Hello, dagster team! I am trying to populate the ...
# ask-community
r
Hello, dagster team! I am trying to populate the 'executor_def' with the Slurm cluster when defining the job with below code snippet. from dagster_dask import dask_executor executor = dask_executor.configured({"cluster": {"slurm" : {"cores": 2, "memory": "24GB"}}}) @job(executor_def=executor) def do_something(): pass Now when I launch a run, it starts a process but it is not submitting the slurm job, also dagster logs look fine saying that the "the run has been started" What could be the possible reason.
o
hi @Reetika Gour! what ops exist in your job? does the run say that it's completed or does it just hang indefinitely?
if the job you're executing does not contain any ops (as shown in that snippet), then it's possible that no job is being submitted as there is no work to do
r
Thanks for the prompt response! There are 4 ops under this job like below: @job(executor_def=executor) def do_something(): output_op1 = op1() output_op_2 = op2(output_op1) output_op_3 = op3(output_op1) output_op_4 = op4(output_op1) Now when I launch a run, it starts a process and then hangs indefinitely.
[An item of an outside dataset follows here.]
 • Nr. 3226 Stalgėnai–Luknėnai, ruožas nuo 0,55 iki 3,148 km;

Please see the attached screenshot.
o
hm interesting -- are you able to manually create a slurm cluster without dagster? (i.e. https://jobqueue.dask.org/en/latest/generated/dask_jobqueue.SLURMCluster.html) my feeling is that this might be something more specific to the configuration you're passing to generate the cluster, rather than something specific to dagster
r
Yes, I am able to create a slurm cluster manually as shown in the link you shared. But same thing does not work when using "dask_executor. The problem remains same with this as described earlier. Also please help me in materialising the assets, each of the ops above generates some output (mostly csv or txt files) which user wants to have it available on the UI.
o
for the metadata, you can do something along the lines of:
Copy code
context.add_output_metadata(
    {"output": MarkdownMetadataValue(<markdown-formatted string of your csv/txt>)
)
inside the body of your ops/assets. This will allow the output to be viewable in the UI. I'd recommend avoiding this route if the csv output gets particularly large, as each of these metadata entries does need to be stored in the database (so you probably wouldn't want to have 10s of megabytes of markdown in there).
I was able to replicate the issue you were describing above, and I believe it's related to the fact that the default n_workers for a SlurmCluster is 0 (so no workers were available to do any tasks)
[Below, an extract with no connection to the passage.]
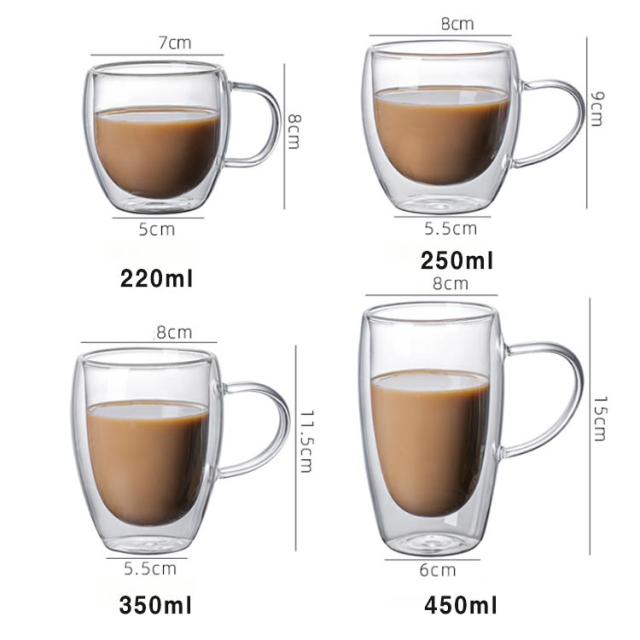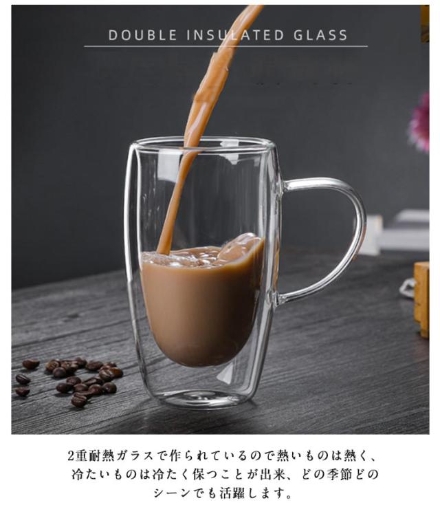 カップ 取っ手付き コーヒーカップ 耐熱ガラス 220ml ダブルウォールグラス ガラスカップ 保冷 二重グラス 保温 保冷 ティーカップ おしゃれ 保温 二重グラス 結露しない 北欧 食器 洗いやすい 二重構造 250ml 350ml

I was able to get beyond that by configuring
"n_workers": 1
, but ended up with an error about no
sbatch
file being found. This seems like it's more in the domain of Slurm-specific stuff
r
I tried configuring
"n_workers": 1
but no luck. It just hangs indefinitely.
I don't see slurm specific logs in the dagster logs. Any idea?
o
If you look in the terminal where you run
dagster dev
or
dagit
, do you see that
sbatch
error? My understanding here is that this SlurmCluster will only work if you're on an actual slurm cluster when running it, which is likely not the case if you're running locally, although I'll admit again that I'm not familiar with slurm.
r
No, I don't see any
sbatch
error in the terminal.